Well, Buddha, Confucius and Lao Tse are not “God” so no that doesn’t apply. Neither is Muhammed. Or Jesus for that matter although many people would argue that point.
There are many people who have a deep and personal spiritual practice without the need to identify as atheists or agnostics because they do believe in God. That was the point I was trying, inelegantly, to make. That people who identify has having no religious affiliation are not necessarily atheists who just won’t admit it.
I believe in God. I just don’t believe in religion.
It isn’t that agnostics don’t know if God exists. Nobody knows if God exists, whether they’re atheists or devout Christians or anything in between.
Well, good for him. I wonder what flipped his Think Switch to off later? Just plain lust for power? A sickening Bushian need to make his idiot daddy happy? I wonder if he actually read any Nietzsche?
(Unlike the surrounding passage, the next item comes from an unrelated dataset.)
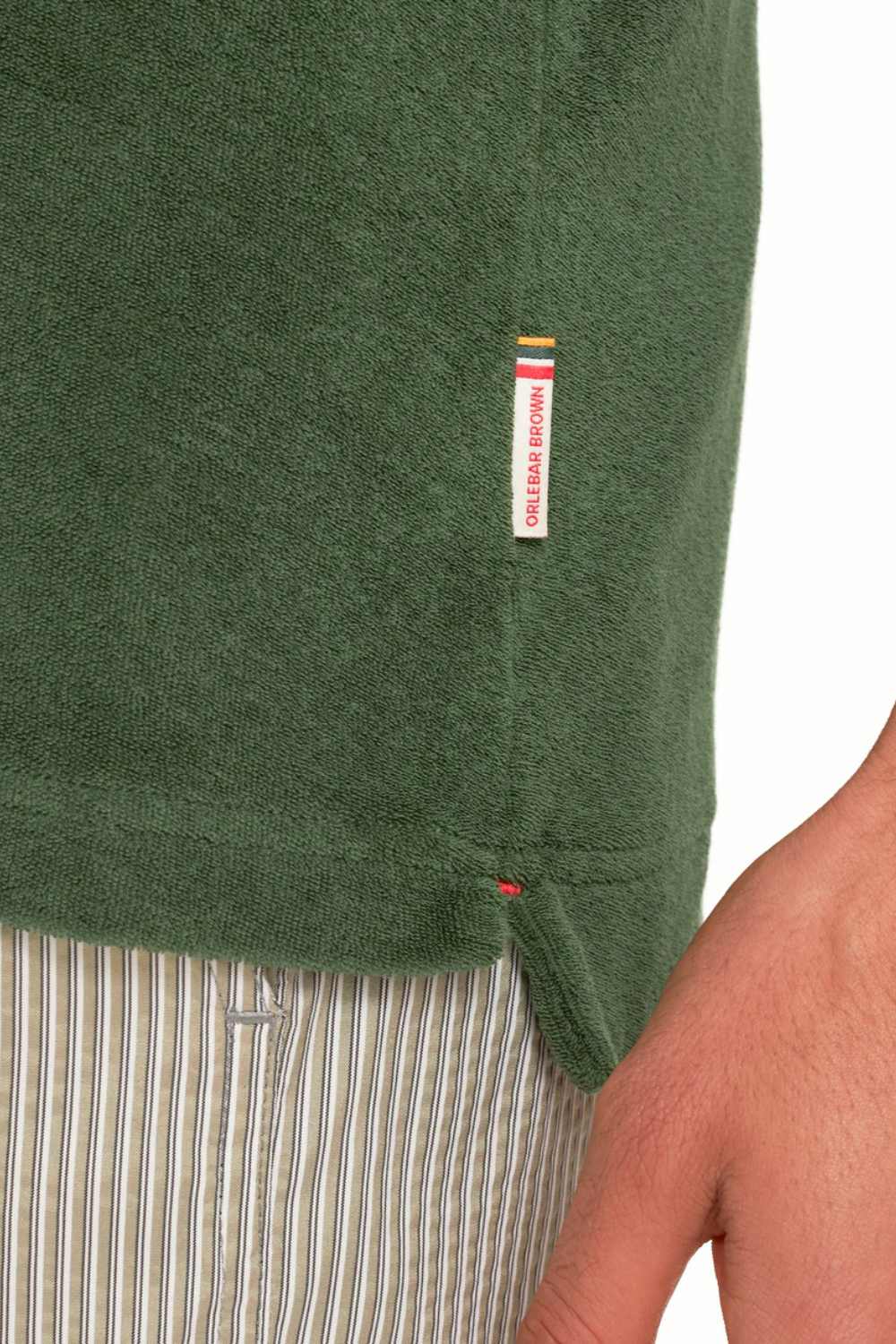 Our Terry towelling polo shirt is a true O.B Hero. This timeless holiday style boasts a modern, tailored fit that produces a favourable silhouette. It is elevated by an authentic resort placket and a straight hem that looks best worn untucked. Tailored fit Organic cotton towelling One-piece collar Short, buttonless resort placket Straight hem with side seam vents & extended back hem

This Kentuckian will vote for Conway, thanks.
Ditto.
Correct me if I’m wrong. Didn’t Mr. Paul change his first name as a tribute to Ayn Rand?
Ayn Rand was an outspoken atheist. She disowned the film version of The Fountainhead, because it omitted the one overtly atheist comment from the hero, Howard Roarke.
But maybe it’s asking to much of Mr. Paul to actually read the books that he quotes.
He didn’t change his name – it’s what his parents named him.
Actually this Wiki reference says that his parents called him “Randy.” He chose to be called “Rand” in college–presumably after he started reading Ayn Rand.